Terry Fox Laboratory, BC Cancer Research, Vancouver, British Columbia, Canada.
Department of Medical Genetics, University of British Columbia, Vancouver, British Columbia, Canada.
Cytometry A. 2023 Nov;103(11):889-901. doi: 10.1002/cyto.a.24776. Epub 2023 Aug 29.
The analysis of large amounts of data is important for the development of machine learning (ML) models. flowSim is the first algorithm designed to visualize, detect and remove highly redundant information in flow cytometry (FCM) training sets to decrease the computational time for training and increase the performance of ML algorithms by reducing overfitting. flowSim performs near duplicate image detection by combining community detection algorithms with the density analysis of the marker expression values. flowSim clustering compared to consensus manual clustering on a dataset composed of 160 images of bivariate FCM data had a mean Adjusted Rand Index of 0.90, demonstrating its efficiency in identifying similar patterns. flowSim selectively discarded near duplicate files in datasets constructed with known redundancy, and removed 92.6% of FCM images in a dataset of over 500,000 drawn from public repositories.

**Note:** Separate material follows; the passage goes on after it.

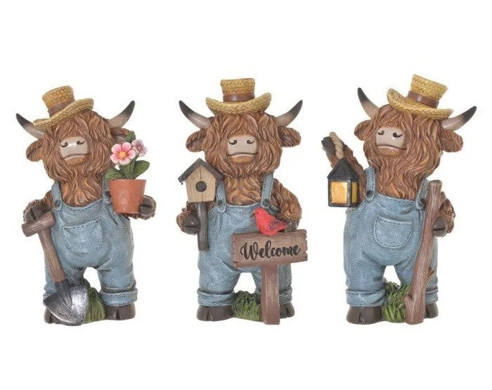 Set of 3 Highland Cow Outdoor Statues Garden Yard Ornaments Gift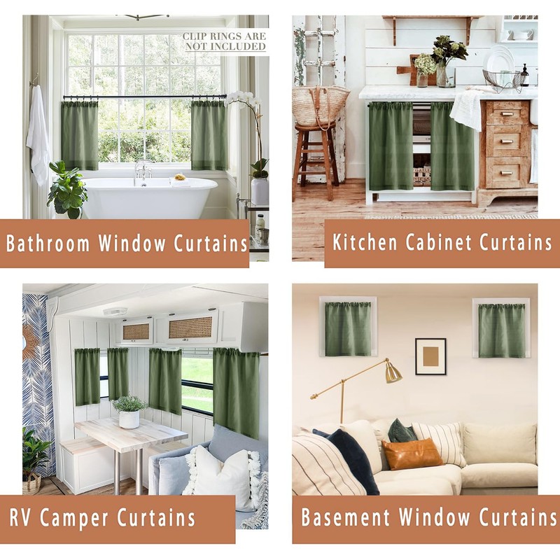- WHERE TO USE:These linen Short curtains are not only suit for the kitchen window, but are also the perfect addition to your small bedroom windows, bathroom or bay windows, laundry room, loft, basement, cabinet , RV or camper. These small kitchen curtains can be paired with farmhouse, coastal,rustic, modern or vintage style home decor as you like.

大量数据分析对于机器学习 (ML) 模型的发展很重要。flowSim 是第一个旨在可视化、检测和去除流式细胞术 (FCM) 训练集中高度冗余信息的算法,以减少训练的计算时间,并通过减少过拟合来提高 ML 算法的性能。flowSim 通过将社区检测算法与标记表达值的密度分析相结合来执行近重复图像检测。flowSim 聚类与由 160 个双变量 FCM 数据图像组成的数据集上的共识手动聚类相比,调整后的 Rand 指数平均值为 0.90,表明其在识别相似模式方面的效率。flowSim 在构建已知冗余数据集时选择性地丢弃近重复文件,并在从公共存储库中提取的超过 500,000 张 FCM 图像的数据集上删除了 92.6%的图像。